As a startup coach I often help companies to start selling efficiently. Here’s one of the key takeaways I share about contacting new clients, especially online: Keep it extremely short and to the point.

That’s it. There’s not that much more to it. This applies to surprisingly many areas of life, but is especially true in B2B sales. Businesspeople like those who respect their time by telling the relevant things without unnecessary complications. This does not mean forgoing good manners or not taking the occasional moment to connect on non-work topics. The important thing is that when discussing work topics, time is spent productively.

For those who want to read up a bit more on my experiences regarding this, below are a few other observations I’ve made along the way. I’ll start with a recent example of mine where I did what I often do, introducing two people to each other.

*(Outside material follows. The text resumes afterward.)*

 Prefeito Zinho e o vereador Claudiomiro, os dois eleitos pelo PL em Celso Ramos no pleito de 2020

One was a top executive of a stock-listed corporation and the other was a startup looking for their first pilot customer, struggling to get corporations to pay them attention due to a lack of track record, experience and a number of other factors working against most startups.

How to approach new clients online

This is the message I sent in its entirety:

“Hi Jane and Mark,

Happy to connect you. Mark’s startup X manufactures Y with N% less labor and up to N% less materials.

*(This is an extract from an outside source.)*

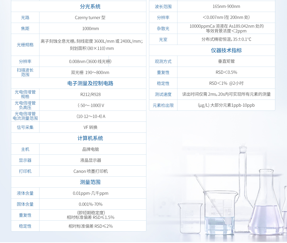| 6、性能指标 | 6.1 分析速度:≥每分钟 50 个元素或谱线,而且每条测量谱线的积分时间≥10 秒; | 6.2 样品消耗量:<2ml,测定不少于 70 个元素; | 6.3 谱线灵活性:可实现分析元素的定性、半定量和定量分析; | 6.4 线性动态范围:≥106; | 6.5 内标校正:内标校正功能,可实现内标元素和测量元素的同时曝光; | 6.6 精密度:测定 1ppm 或 10ppm 多元素混合标准溶液,重复测定十次的 RSD≤0.5%; | 6.7 稳定性:测定 1ppm 或 10ppm 多元素混合标准溶液,长时间稳定性 RSD<1.0%; | 6.8 检出限:典型元素检出限z低可达 0.1ug/L。 |

Jane, this could be interesting for Z Corporation. Who would be the right person to talk with about this?”

Jane replied within 10 minutes, connecting Mark with an EVP (executive vice president) to discuss this further, and added her own thoughts on the potential relevance of Mark’s solution.

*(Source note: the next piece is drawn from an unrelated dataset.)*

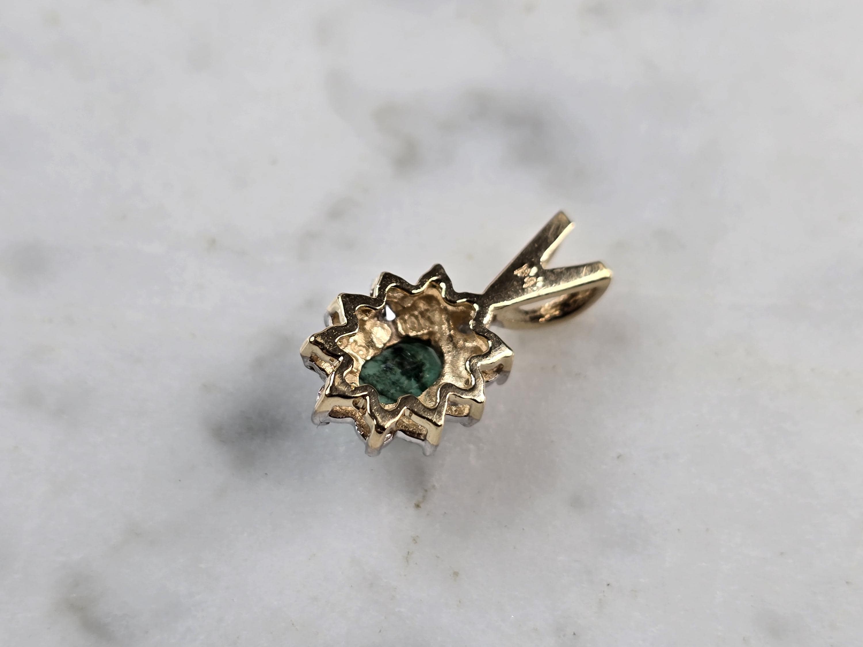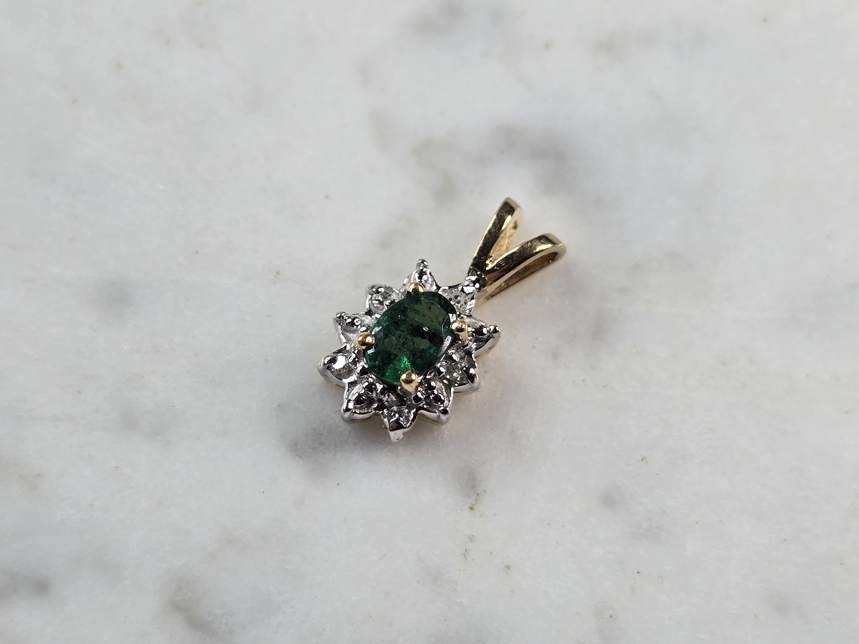 FOR SALE IS THIS ATTRACTIVE WOMENS VINTAGE ESTATE 10K YELLOW GOLD DIAMOND EMERALD PENDANT. THE PENDANT WEIGHS 1.3g, AND MEASURES 5/8" LONG BY 3/8" WIDE. THE EMERALD IS ABOUT 0.20cts, SURROUNDED BY 5 SMALL DIAMONDS. THIS MAKES A WONDERFUL GIFT FOR THAT SOMEONE SPECIAL. ANY QUESTIONS, PLEASE ASK. BE SURE TO CHECK OUT SOME OF MY OTHER GREAT ITEMS UP FOR SALE. THANK YOU.

The key here is everything that you leave out. I didn’t mention anything about the numerous other benefits the startup’s solution offered. I originally tried them in the email, starting with the six benefits the founder had mentioned in an email to me. It was a good message from a founder to mentor, but for a potential customer whose job is not to help you, the shorter the better.

Writing a good opening message is like making a pocket-size sculpture to be sold as a souvenir: the goal is not to include as much marble as possible, but rather to keep the least amount that is needed to make it an attractive piece that catches someone’s eye and they can easily handle (for a souvenir: to carry; for an email: to respond).

How not to approach new clients online

“Hello, we are a team from somewhere, seeking to do something and something else and a few other things too, and we have a process that technically speaking mumbo jumbo and it’s special because chemical reaction mobile phone app hydrocortisol engineering lorem ipsum…”

… going on for 5 paragraphs.

These almost never get responded to. One founder sent ten of these, and got one response asking for a simplification of the key points. I ask a lot of these myself. Founders are often fascinated about their idea, but the buyer is only interested in the benefits they’ll get. Only if the benefits are clear and attractive enough, they start to care about other factors, such as price.

Information layers

The layered way of giving information is simply that you give a top-level view first, and more nuanced information later, in stages.

As an example, you can imagine how you would behave when buying something, let’s say an apartment. You wouldn’t likely be interested in what kind of material are the window frames made of, and if the salesperson would start by droning on about such minor details, you would feel like they’re wasting your time and not a good person to do business with. You’ll appreciate much more if the salesperson tells you only the information that you’re most likely to be interested in, and goes into the nitty-gritty details only when you ask them to.

Becoming clairvoyant

If you initiate many similar discussions over time, you’ll learn to recognize the signs of when the other side becomes interested in the next layers of information. When this happens, you will be able to offer them that information right when they were about to ask for it. When done tactfully, this can leave a very positive impression that you understand them and are a good person to do business with.

Start new B2B client relationships by telling them the few things that they might find most attractive about your product, and suggesting the next step, like agreeing on a time for a phone call. Keep it short and keep it relevant.